В первое время я стыдился, что этот звук – единственный во мне после стольких лет упражнений на фортепиано, взбивания масла и шепота молитв, но затем привык и мне понравилось: стало казаться, что те детективы и забавные персонажи «Фрейзера» и есть настоящие мои жильцы, как, вероятно, и Ада видела в них друзей или даже членов семьи. Но это было и проявлением лени. Я слышал облегченный вздох Ады, когда начинался сериал и она могла занять мозг чужими, а не своими проблемами. Жестоко ли будет сказать, что я завидовал ее счастью? Возможно. Но, по большому счету, мне казалось, что у нее есть собственные детективные истории, в которых надо разобраться, так зачем терять время, глядя, как раскрывают другие преступления?

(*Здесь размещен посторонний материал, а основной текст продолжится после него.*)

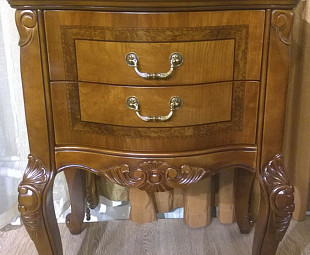 Телефонный столик Angelina от торговой марки Carvelli. Телефонный столик по внешнему виду напоминает прикроватную тумбу, но по мнению итальянских дизайнеров телефонный столик в классическом варианте должен выглядеть именно так. Столик имеет тумбообразную форму с двумя выдвижными ящиками для хранения, стоит на четырех изгибообразных ножках. Столик сделан из массива березы в отделке цвета орех.
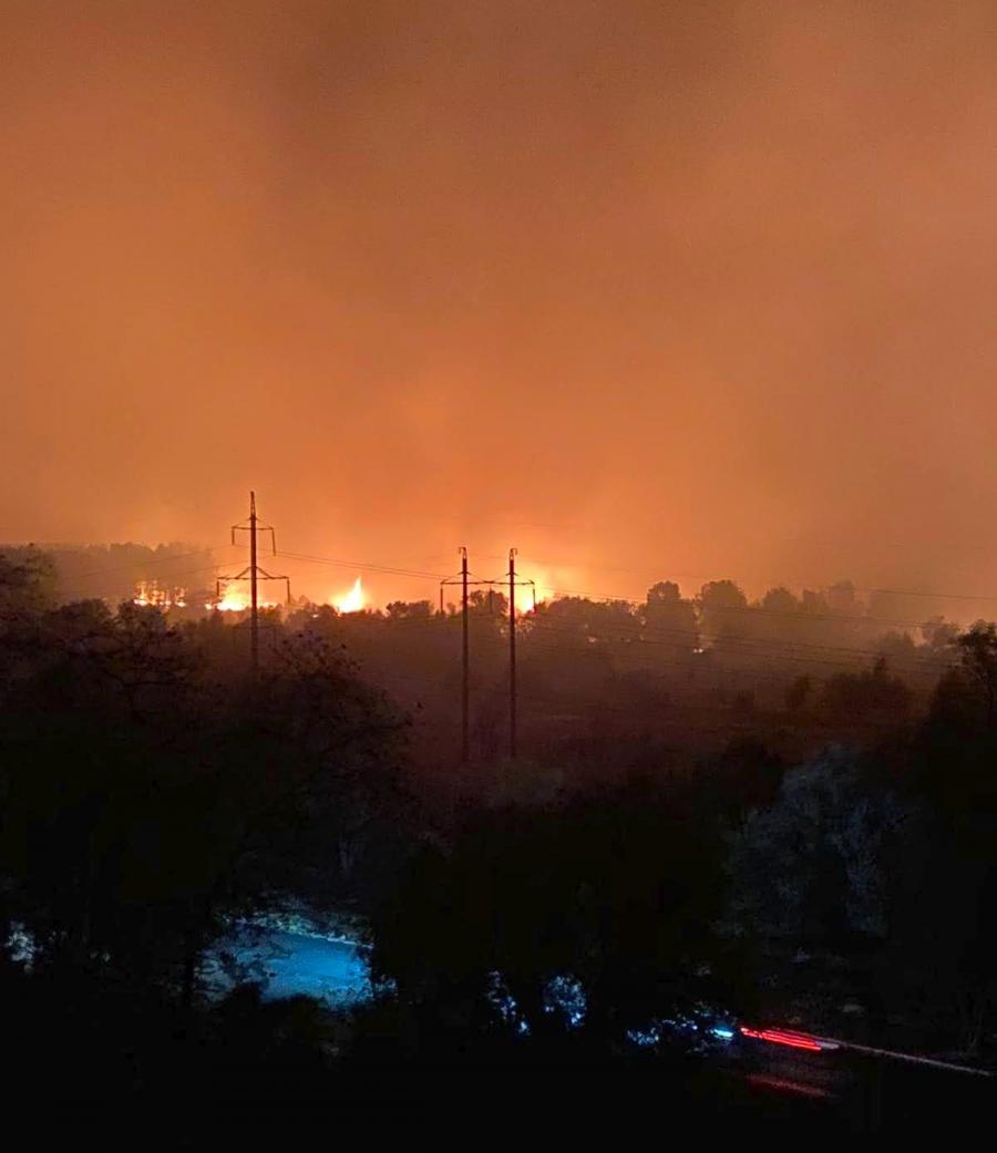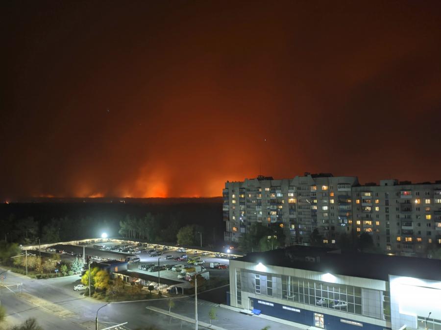 Пожежа вночі розповсюджувалась у напрямку м. Сєвєродонецька. Очевидці зняли на відео "палаюче" червоне небо над обласним центром.

Конечно, не все так просто. Я знаю: я не сборный, немой, как его искусственная древесина, дом, который плюхают на участок. Просто иногда Ада совсем близко подходила к правде или к какого-то рода решению, каким бы ужасным оно ни было. Я видел это по ее глазам, слышал в учащенном дыхании. Она могла оторваться от умывания в ванной комнате или войти из коридора в гостиную, и – вот оно: осознание прошлых событий, их значения и возможности направить в другую сторону. Казалось, будто все ее неудачи сидят на диване, болтая друг с другом, наливая сладкого чая и поедая сырное печенье, как это обычно делали дамы из бридж-клуба, собиравшиеся каждую четвертую среду. На лице Ады отражалось что-то вроде восторга. Затем восторг сменялся борьбой со стыдом, и она пятясь выходила из комнаты или решительно направлялась к телевизору и включала его, дожидаясь, пока все ее промахи не пожмут плечами и не удалятся, обнимаясь у двери, пытаясь охватить Аду, которая реагировала холодно и прибавляла громкости.
В последние несколько лет перед тем, как Элиз выселила Аду (и, поступив так, обрекла меня на медленную смерть, словно оставшуюся старой девой тетку, чья финальная надежда – покинула городок с последним поездом), мы с Адой неизменно смотрели шестичасовые новости. Большая часть событий была чудовищна. Но я помню один сюжет, привлекший мое внимание – сообщение о новом проекте в сфере образования под названием «Ни одного ребенка в отстающих». Я не притворяюсь, будто разбираюсь в политике, но название программы мне очень понравилось и все те дети, которых показали – как они прилежно занимаются в школах, морщат лбы над учебниками математики, а стены пытаются нашептать им формулы, настолько им симпатичны ребята.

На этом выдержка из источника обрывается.